Guinea memoir on prison 'horrors
A former Guinean minister has launched a book about his ordeal in the country's most infamous prison.
During his rule, Toure suppressed opposition and free expression
Alseny Rene Gomes' book, Camp Boiro: Talk or Perish, describes his eight years in the jail in the 1970s.
"Rats got better treatment than humans. Those that saw death coming would write on the walls of their cells in blood or faeces," the Camp Boiro survivor said.
Tens of thousands of people were allegedly tortured and killed there on the orders of Guinea's first leader.
From the country's independence in 1958 until his death 26 years later, former President Ahmed Sekou Toure suppressed opposition and free expression with little regard for human rights.
The BBC's Alhasssan Sillah in the capital, Conakry, says four decades on from their imprisonment, many former inmates and their families are still seeking justice, but others feel that reconciliation is more important for national unity.
'Dehumanisation'
At the book launch in Conakry, Mr Gomes described his incarceration from 1971 to 1979 to the packed audience.
Like many other political opponents he was imprisoned by order of former President Toure.

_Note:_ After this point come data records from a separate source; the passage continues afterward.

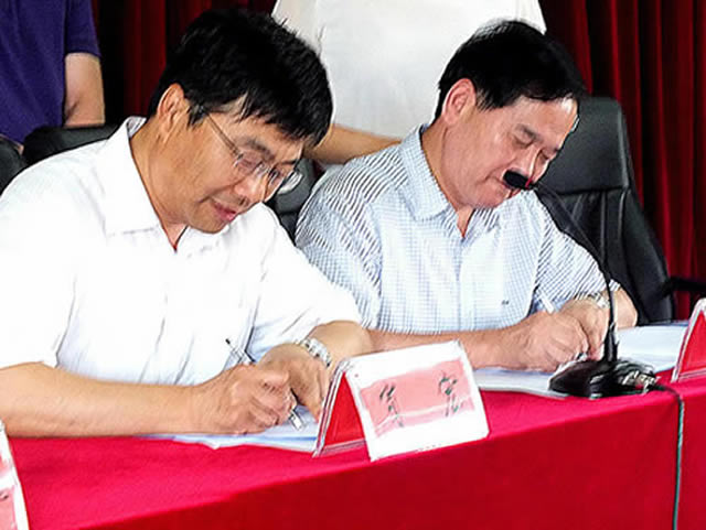 肖宏院长与李国忠董事长分别代表双方在协议书上签字
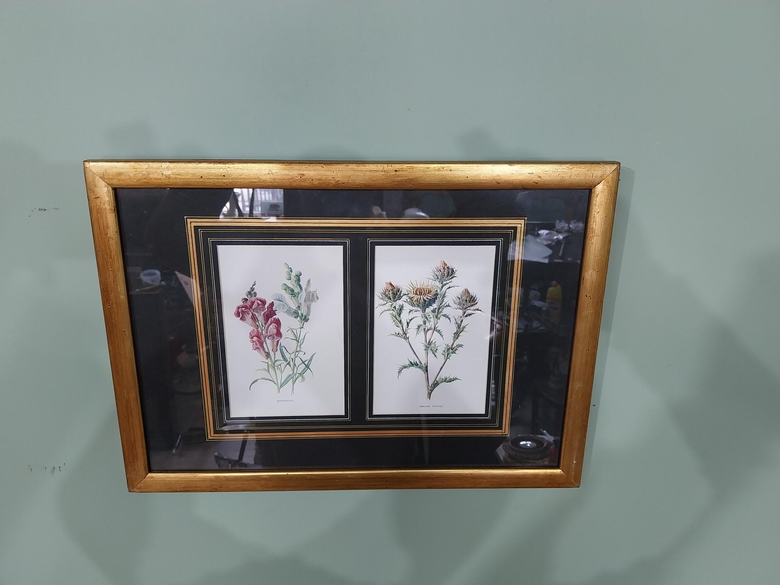 Two early 20th C. coloured botanical plates mounted in gilt frame. {35 cm H x 49 cm W}
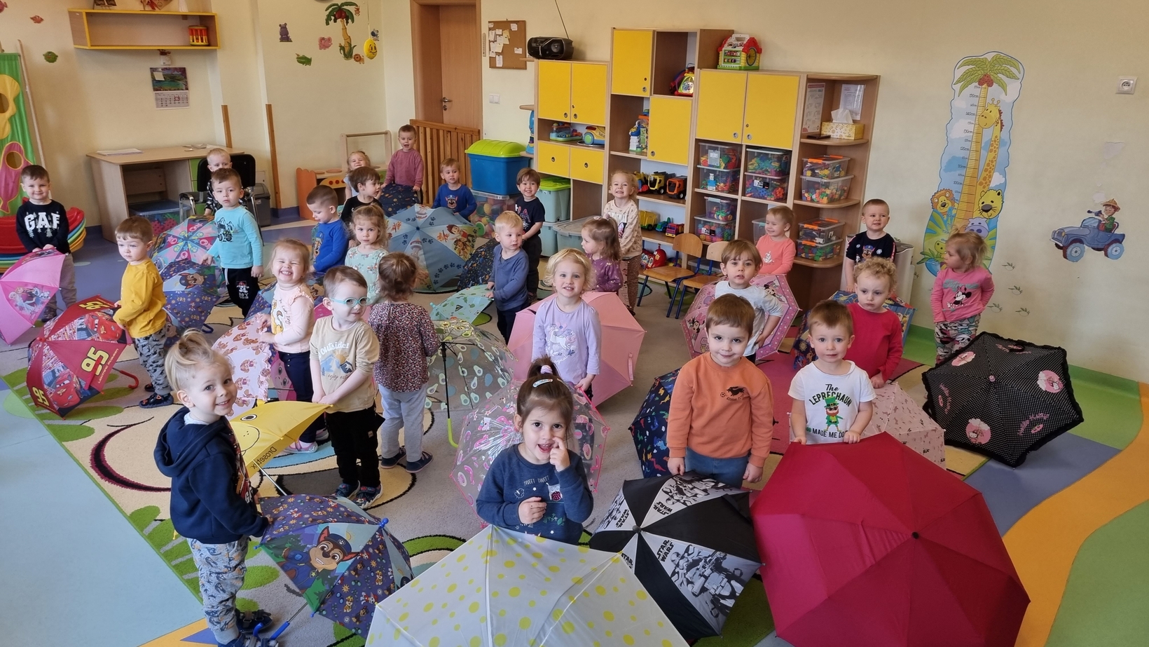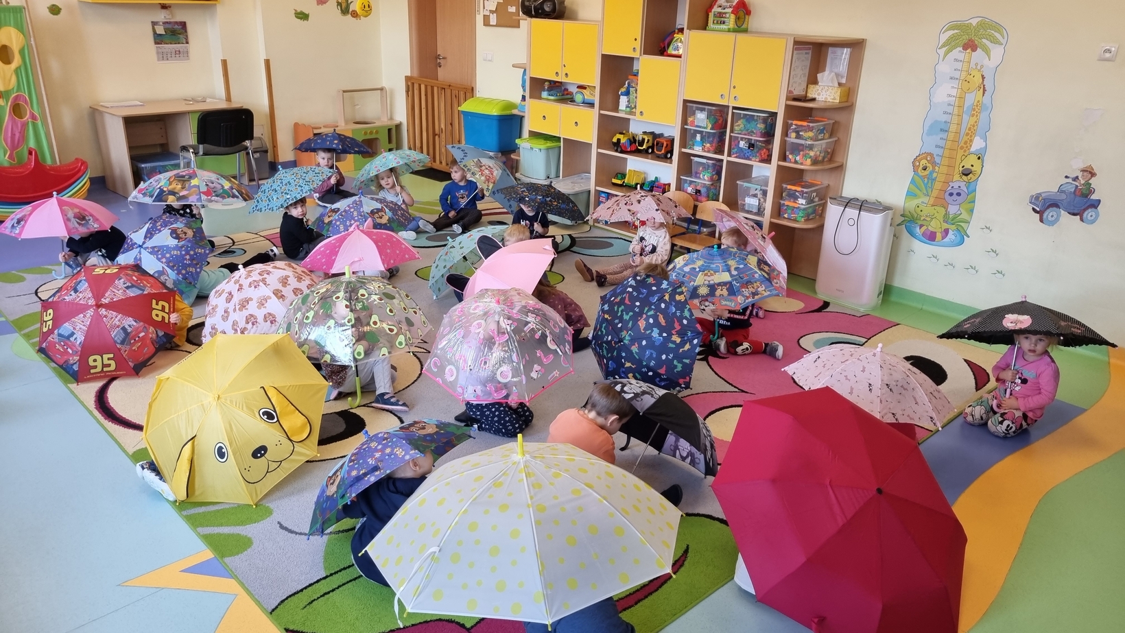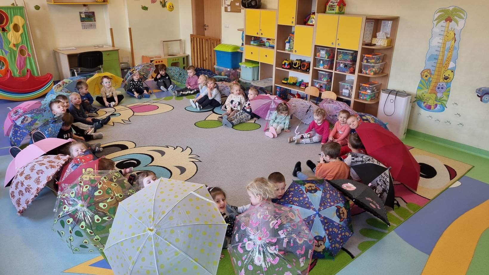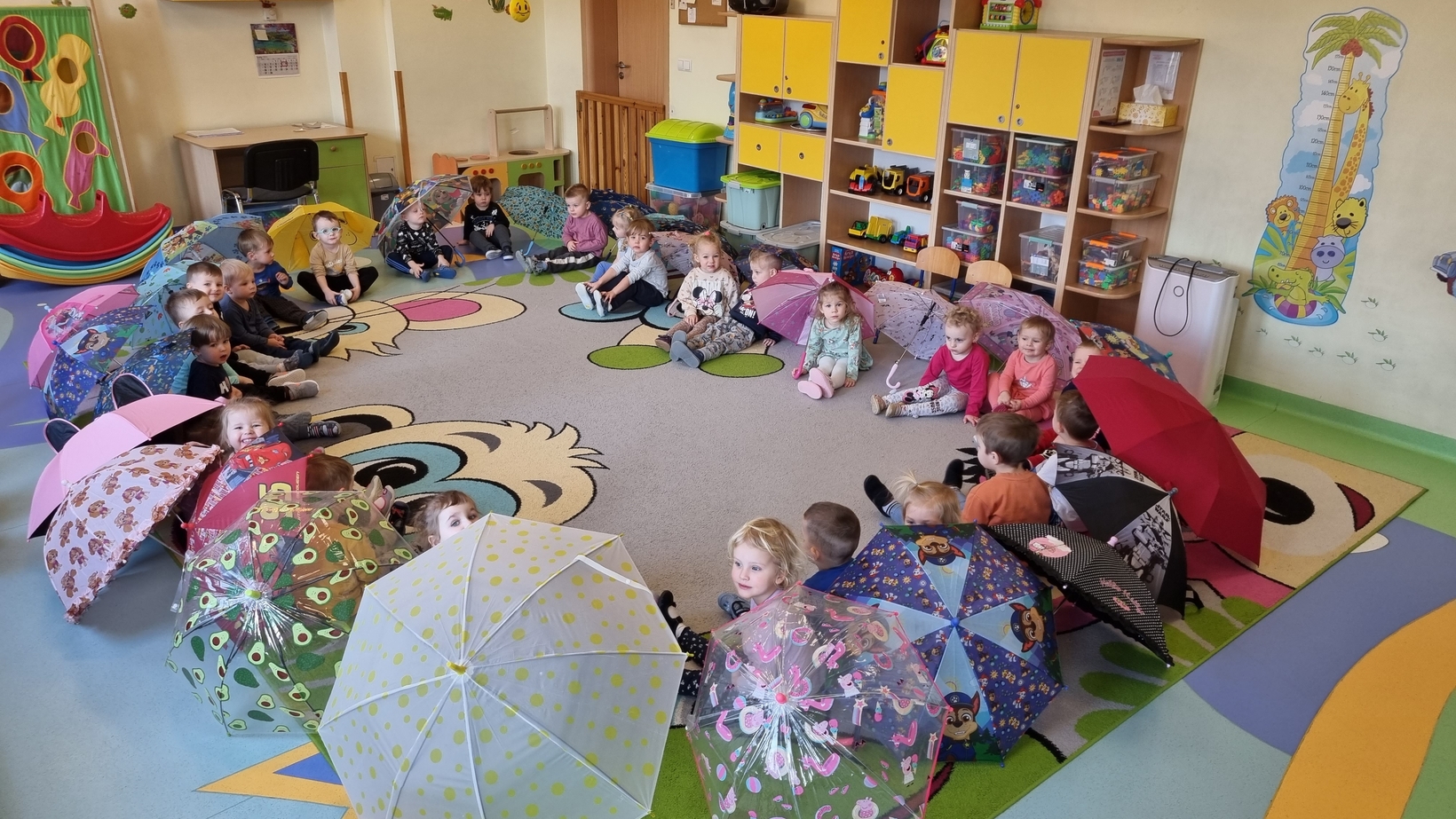 Dzisiaj w żłobku w gr. Pszczółek obchodziliśmy "Dzień Parasola". Dzieci w tym dniu przyniosły Swoje kolorowe parasolki. Bawiliśmy się w różne wesołe zabawy: wirowanie parasoli, tańczyliśmy z parasolkami i chowaliśmy się pod nimi. Był też czas na zabawy integracyjne tutaj za parasol posłużyła nam kolorowa chusta animacyjna. Radości było co niemiara, uśmiech nie znikał z dziecięcych twarzy. To był bardzo ciekawy dzień.
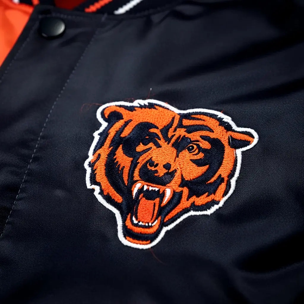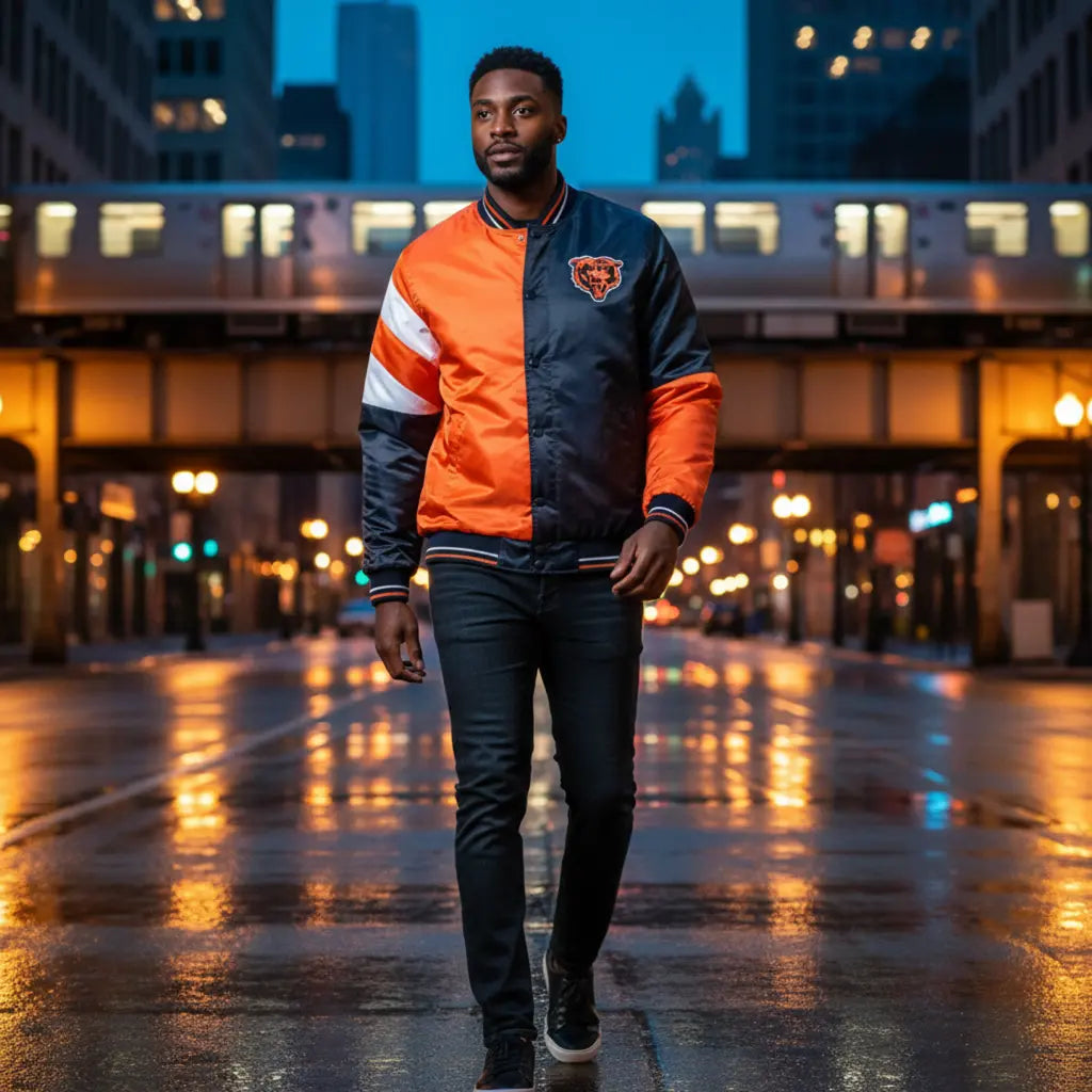 Mens NFL Chicago Bears Orange & Black Satin Letterman Varsity Jacket

Since his release, Mr Gomes, who is now 70, has twice served as a minister under Toure's successor, Lansana Conte, who seized power in 1984.
Our correspondent says his book is being hailed by literary critics as the most well documented of nine books on the notorious prison.
The head of the Organisation of Victims of Camp Boiro - a group largely composed of the sons and daughters of opponents of former President Toure - was also at the launch on Tuesday evening.
He described how Toure's rule and the many false imprisonments still have a bearing today.
"In the first 26 years of independence, Guinea became the greatest manufacturer of fake coup plots," Mamoud Conde told the BBC.
"The end product of which was the dehumanisation of its own citizens."